*INSTRUCTIONS TO FOLLOW*: What's needed is an exact copy of all the data below, without pictures.

*DATA EXCERPT*:

[Start of Attachment]

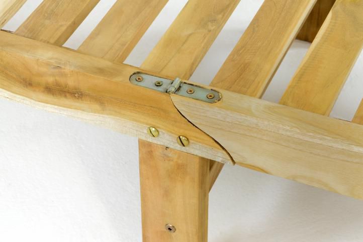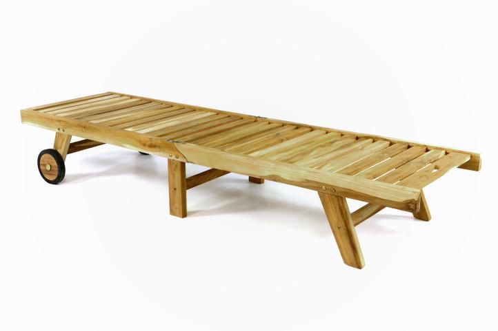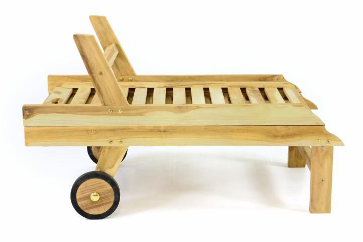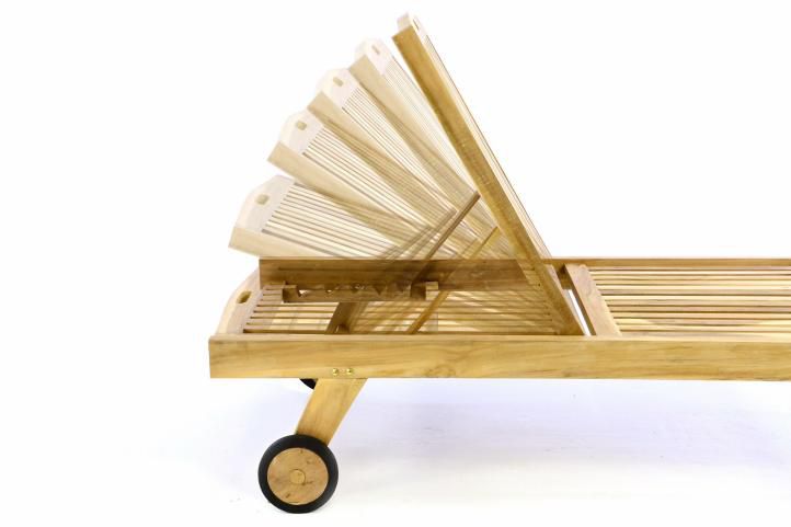 Kvalitné teakové ležadlo s kolieskami potiahnutými gumou a nastaviteľnou opierkou hlavy.
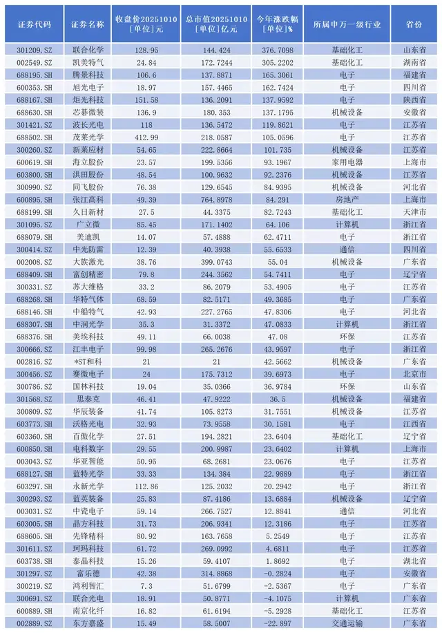 其中,联合化学(301209.SZ)、凯美特气(002549.SZ)、腾景科技(688195.SH)、旭光电子(600353.SH)、炬光科技(688167.SH)、芯碁微装(688630.SH)、波长光电(301421.SZ)、茂莱光学(688502.SH)新莱应材(300260.SZ)9家公司股价成功实现翻倍。
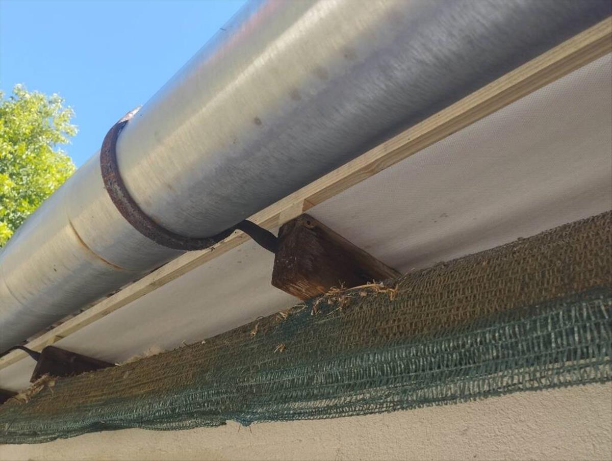 A beépített folyosó tetőszerkezetét júniusban felújították, a cserép alá vízelvezető fólia került, a korábbi beázás nyomai nem lettek kijavítva, a képeken láthatóak, ahogyan a fólia-rétegzés is.
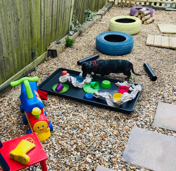 An enriched environment, such as The Secret Dog Garden, is a safe and secure area where your dog can explore at his/her own pace and make their own choices without direction or cues from us. It is their time, their experience, unique to them.

[End of Attachment]

*ANSWER BELOW*:
 Kvalitné teakové ležadlo s kolieskami potiahnutými gumou a nastaviteľnou opierkou hlavy.
 其中,联合化学(301209.SZ)、凯美特气(002549.SZ)、腾景科技(688195.SH)、旭光电子(600353.SH)、炬光科技(688167.SH)、芯碁微装(688630.SH)、波长光电(301421.SZ)、茂莱光学(688502.SH)新莱应材(300260.SZ)9家公司股价成功实现翻倍。
 A beépített folyosó tetőszerkezetét júniusban felújították, a cserép alá vízelvezető fólia került, a korábbi beázás nyomai nem lettek kijavítva, a képeken láthatóak, ahogyan a fólia-rétegzés is.
 An enriched environment, such as The Secret Dog Garden, is a safe and secure area where your dog can explore at his/her own pace and make their own choices without direction or cues from us. It is their time, their experience, unique to them.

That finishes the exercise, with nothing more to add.